I would like to recommend 2 free tools to do such tests.
One is JUnitPerf
JUnitPerf 1.9.1 is the latest release. JUnitPerf consists of a small set of test decorators and related classes that extend the JUnit API; thus JUnitPerf tests extend a JUnit test by using the decorator pattern. We must have pre-existing JUnit tests(we do have) to use JUnitPerf. JUnitPerf allows us to easily load tests and have tests fail if they do not respond in a certain time. However we should be judicious in deciding when to use JUnitPerf. Using JUnitPerf to test every line of code is usually time-consuming and unnecessary. JUnitPerf is most effective in situations where we have specific performance criteria to meet. It is often a good idea to first use a performance-profiling tool, such as JProbe, to identify areas of code that have the highest potential for scalability and performance issues. Then we can focus your JUnitPerf tests on those relatively few bottleneck class methods.

We can use JUnitPerf in conjunction with HttpUnit and JMeter to test performance of a Web site under load. For example, write a set JUnit test that uses HttpUnit tests that simulate a user navigating to a product in a Web catalog. Use JMeter to flood the site with requests, while we run a navigation test under a JUnitPerf timed test and set the test to fail if it does not navigate the site to the product page in 0.5 seconds.

JMeter mentioned above is just the second tool I recommend.
Typically, we use JMeter to measure your system performance. At first it may seem that JMeter overlaps with JUnitPerf or HttpUnit. Rather, it complements these tools: We can use JMeter to simulate load while we use JUnitPerf in conjunction with HttpUnit to ensure that your Web application still responds in a timely manner.

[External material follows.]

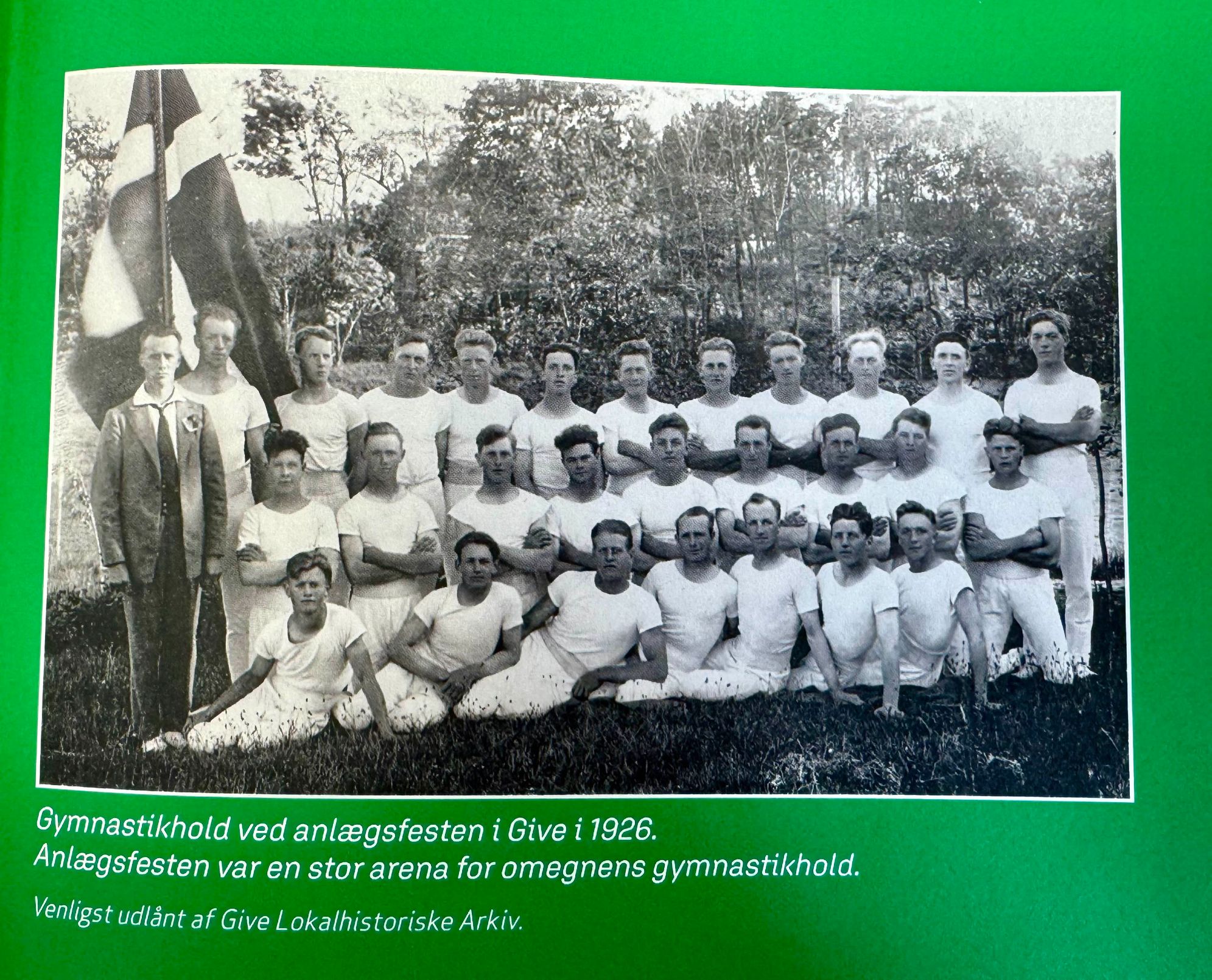Foto fra 1926 - det var dengang rigtige mænd gik både til gymnastik og i hvidt. Foto udlånt af Give Lokalarkiv.

We can use JMeter to simulate a heavy load on a your system, server, and network. JMeter has a full multithreading framework that allows concurrent sampling by many threads and simultaneous sampling of different functions by separate ThreadGroups. Thus, we can also use JMeter to test system performance under different load types, such as heavy updates, heavy browsing, heavy transactions, or under different combination of load profiles simultaneously. An advantage of using JMeter is that we get instant visual feedback of system performance with its graphs and splines.

However, The 2 tools above is not a replacement of our TestHarness, but they would be very helpful if we use them properly.